Like you say, the solution to that uncertainty is to test it out! It definitely sounds like there's a consensus that I should make a model/mockup/prototype of this before doing any bonding. I guess I'm a little reluctant because I'm excited to get the final product built and in service, but a mockup will definitely reduce risk of failure, so okaaayyyy.

Do your thing your way, for sure. I'm just "projecting" here. If you have confidence that your design is good, then what the hell. But if you find yourself just not quite up and doing it, then that would suggest some low-dollar experimentation and fooling around is called for.

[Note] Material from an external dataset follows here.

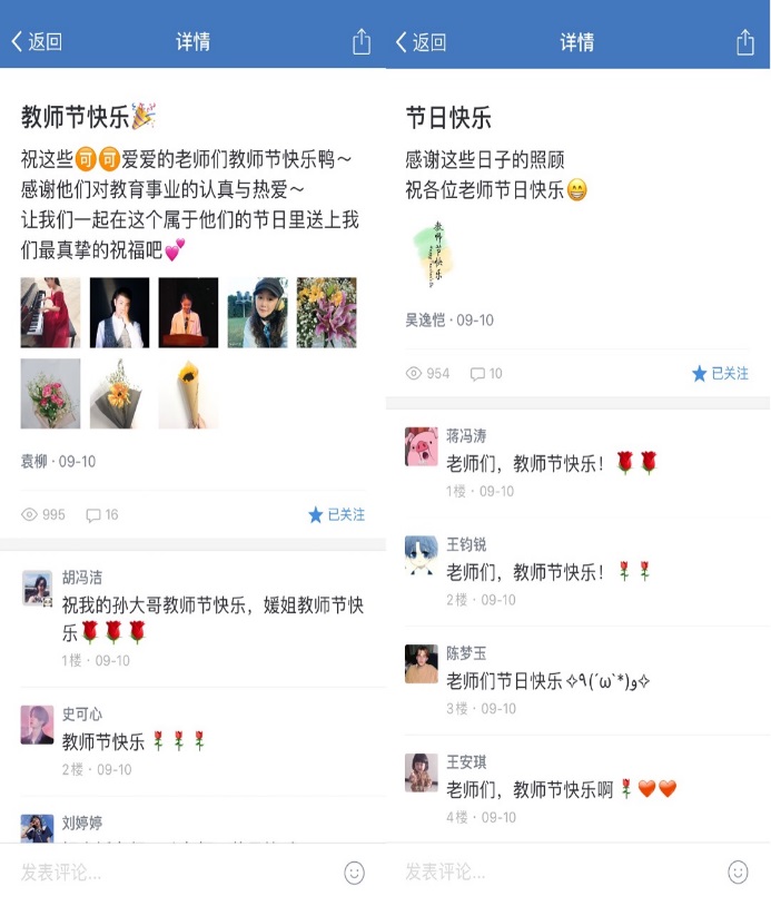 员工会组织开展以“长大方知少年纯,回首才懂师恩深”为主题的庆祝活动。活动在线上开展,同学们积极收集老师照片,通过分享朋友圈,表达对老师的感谢,并以班级为单位,将每一位同学对老师的祝福做成视频,让老师们收获了惊喜和感动。
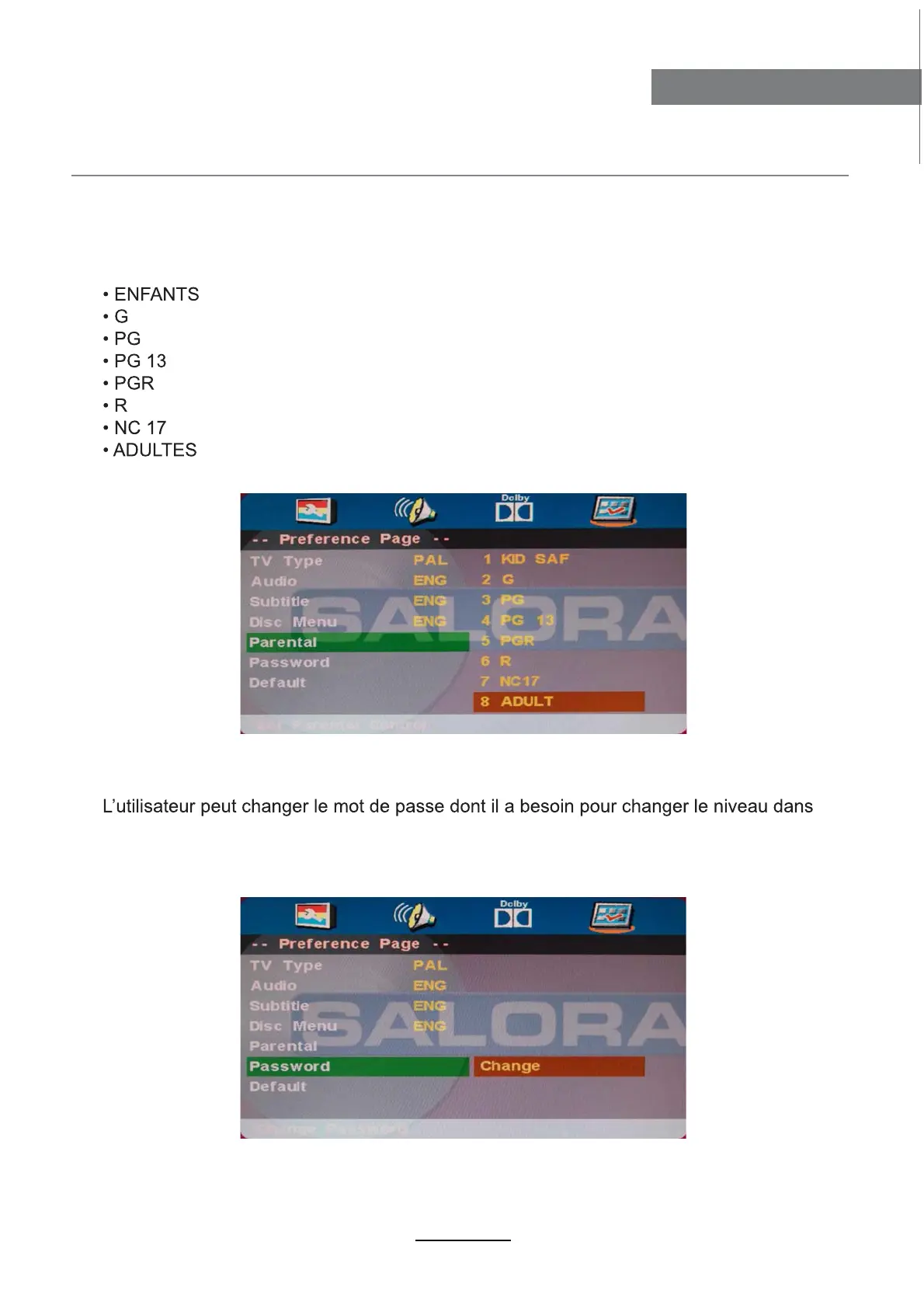 Si vous reproduisez un disque avec contrôle parental, vous pouvez vous-même

but gave up and forked out the money for some LightLeaf panels. They're much better than anything I could build. I considered using Solbian 118Q panels (same 6x6 SunPower cell arrangement as my LightLeaf panels) with aluminium strips under each row of cells and an aluminium extrusion frame supporting the whole thing, but it was going to be heavier and just as costly as the LightLeaf panels.

Hey thank you for the hookup on these LightLeaf's. These are very nice. Some numbers:

LightLeaf 150W 52"x23": ~20 nameplate watts/pound
Custom Marine Products "Semi-Rigid - Monocrystaline" 170W 48"x26": ~11 nameplate watts/pound
Custom Marine Products "Semi-Rigid - Monocrystaline - Light" 170W 48"x26": ~13 nameplate watts/pound

Well freaking well! How you like that? What I'm "seeing" here is that these nerdy Canucks are taking the kind of super-fancy composites work that @solarEbike did by hand, and have applied some tooling and automation to it so as to then sell them to people for less than $10,000 per panel. And good for them.

(It's that armored edge around the perimeter of each LightLeaf panel that's really getting my attention.)

Yo @solarEbike: What do you say to these numbers?

@solarEbike has done a lot of modelling work to compare automatic single-axis sun tracking vs manual tracking (i.e. stop the bike and rotate panels yourself occasionally) vs fixed horizontal panels. Strong conclusion was that the equipment needed for automatic single-axis tracking adds just as much weight as the equivalent number of extra solar cells would add (i.e. the number of cells needed to gain the same benefit that the tracking gains), yet automatic tracking is far more complex. So just adding more panel and forgetting about automated tracking is a very reasonable decision. I'm only doing tracking to reduce trailer size (for transport) and because it's a cool toy (yes, I'm a nerd).

Well it's like this. 3x 48"x26" panels come together to make something 12 feet long x ~2.2 feet wide, which given turning circles and the width of my handlebars, is about the biggest rectangle of anything that I'm believing I can cram/drag/cajole through the physical world.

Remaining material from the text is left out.